Your goal: In the listing below, find the line with "This page presents" and the line with "Cylindrical dome with", then return them and every line between them exactly, minus the pictures.

Input records:
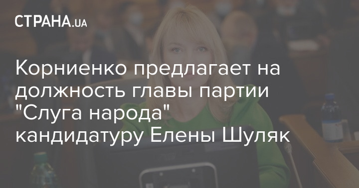 Александра Корниенко, который сложил с себя полномочия главы партии "Слуга народа", как и писала "Страна", предлагает назначить на свое место Елену Шуляк.
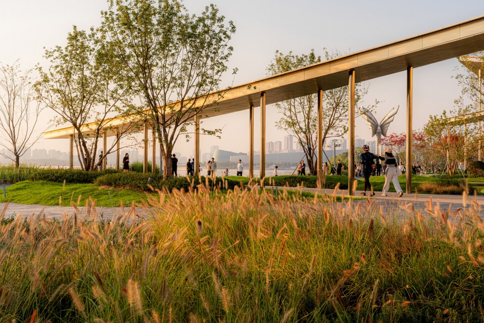 夕阳漫照之下,花庭草木承载着自然的温柔,蓬松草穗缀以光影,曲径顺着地形肌理蜿蜒延伸。此处延续建筑与自然“刚柔相济”的设计理念,起伏草坡模拟自然肌理,与连廊、建筑形成景观呼应,打造出兼具自然野趣与艺术质感的滨水花境空间。
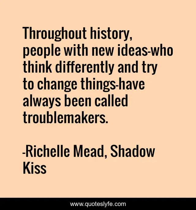 This page presents the quote "Throughout history, people with new ideas—who think differently and try to change things—have always been called troublemakers.". Author of this quote is Richelle Mead, Shadow Kiss. .
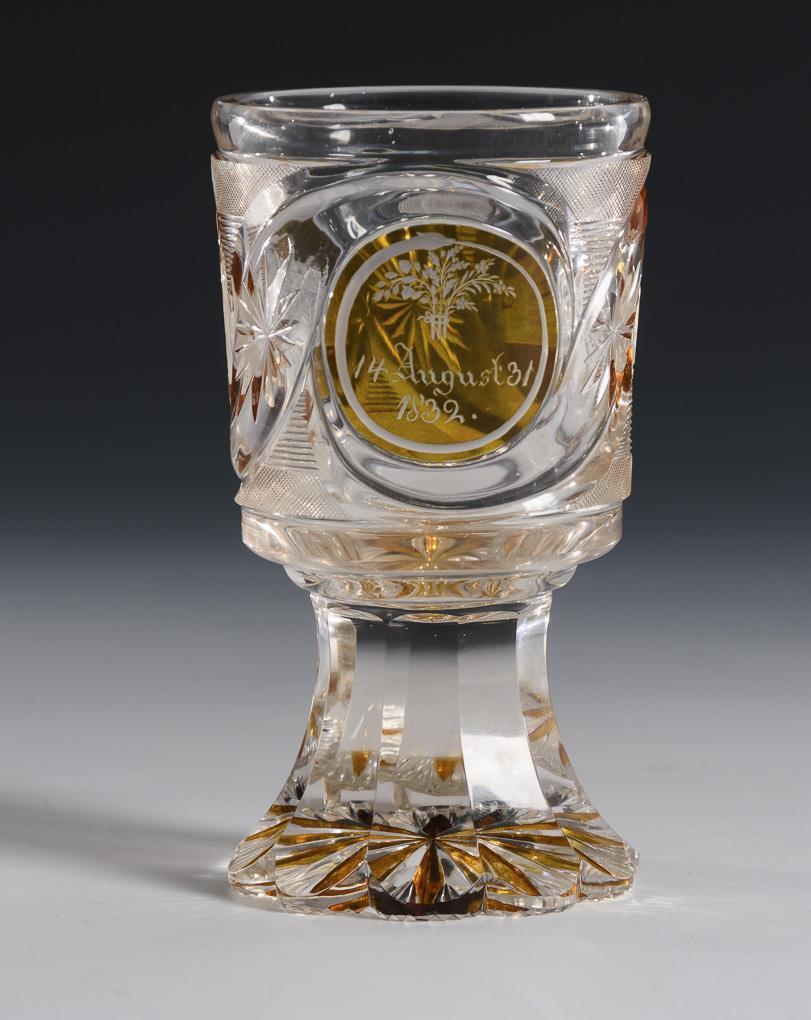 Cylindrical dome with notch and stone cut, faceted stem and multi-pass foot with bottom star. On the dome three high-cut medallions, 2x of which with an engraved view of Warmbrunn and Kynast and 1x with the date "August 14, 31 1832".
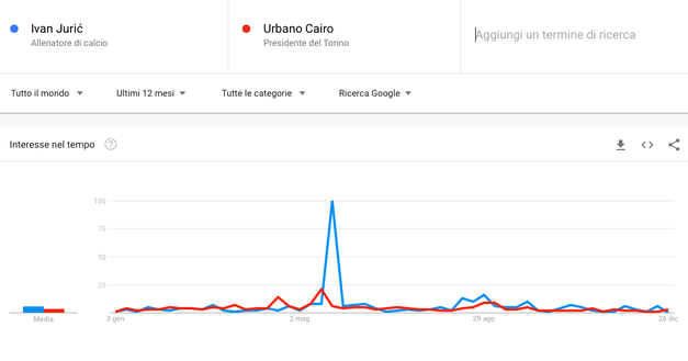 Uscendo dal campo e analizzato le ricerche su Urbano Cairo e Ivan Juric si nota che l'allenatore ha avuto la meglio rispetto al presidente. Questo dato trova motivazione per la punta di clic a fine maggio del croato, quando è approdato al Torino ed ha avuto la controversa intervista a Sky nel post partita di Napoli-Hellas Verona, nella sua ultima panchina con gli scaligeri. "Subito una grande ca****. Mi mancate di rispetto", ha risposto furioso l'allenatore dopo che l'inviato Massimo Ugolini ha iniziato la domanda: "Carica diversa del Verona questa sera".
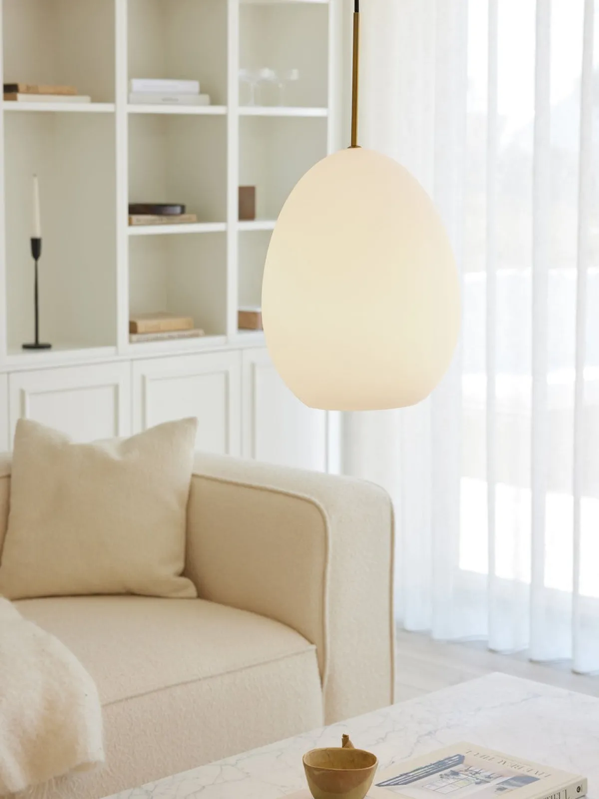 De to lampene i Bodø -serien er bevisst enkle og fokusert på detaljer. Opalglassets myke overflate og runde form gir en funksjonell og effektiv lysrefleksjon.
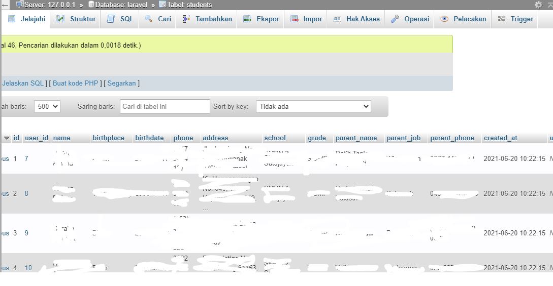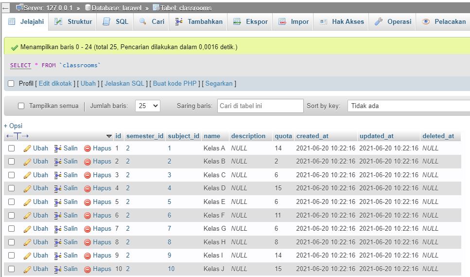我想用拉拉显示数据。这是教室的桌子:
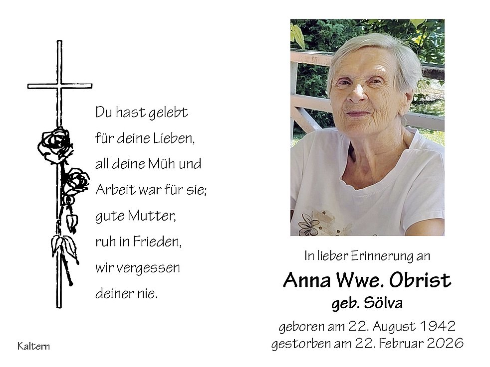 Den Trauergottesdienst mit anschließender Verabschiedung feiern wir am Donnerstag, dem 26. Februar um 14.30 Uhr in der Pfarrkirche von Kaltern.
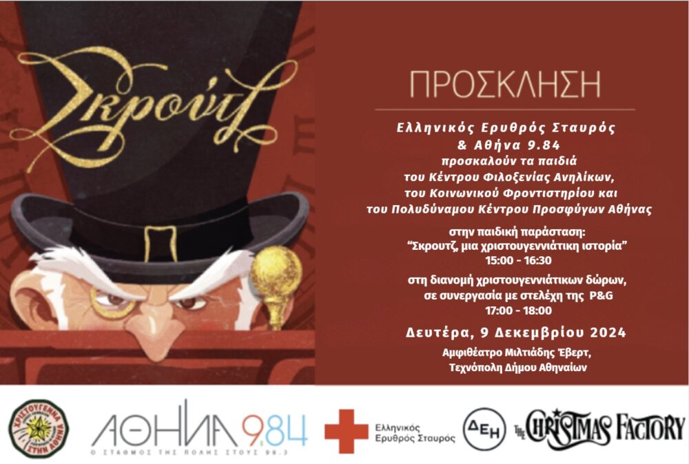 Συγκεκριμένα, τα παιδιά που υποστηρίζονται από το Κέντρο Φιλοξενιάς Ανηλίκων (ΚΦΑΑ), το Κοινωνικό Φροντιστήριο και το Πολυδύναμο Κέντρο Προσφύγων Αθήνας του Τομέα Κοινωνικής Πρόνοιας του Ελληνικού Ερυθρού Σταυρού θα βιώσουν το πνεύμα των Χριστουγέννων στο ΔΕΗ Christmas Factory, καθώς και μέσα από την παιδική παράσταση «Σκρουτζ, μια χριστουγεννιάτικη ιστορία», τη διαχρονική χριστουγεννιάτικη ιστορία του Κάρολου Ντίκενς, από 11μελή θίασο.
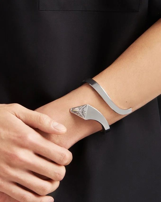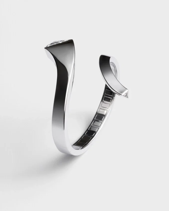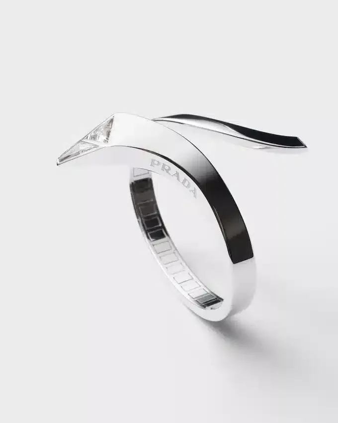 「エターナル・ゴールド・ジュエルズ」は、技術革新と職人の伝統を融合させた型破りなアプローチで、ジュエリーの常識を再定義します。 卓越性と進歩の象徴である新しいprada・カット・ダイヤモンドが、リサイクル・ホワイトゴールド製のこのバングル・ブレスレットのシルエットを輝かせます。Pradaの作品に内在する二面性を表現する「スネーク」は、力強く現代的なスタイルで、しなやかなラインを用いて再解釈されています。

Answer to the problem:
 This page presents the quote "Throughout history, people with new ideas—who think differently and try to change things—have always been called troublemakers.". Author of this quote is Richelle Mead, Shadow Kiss. .
 Cylindrical dome with notch and stone cut, faceted stem and multi-pass foot with bottom star. On the dome three high-cut medallions, 2x of which with an engraved view of Warmbrunn and Kynast and 1x with the date "August 14, 31 1832".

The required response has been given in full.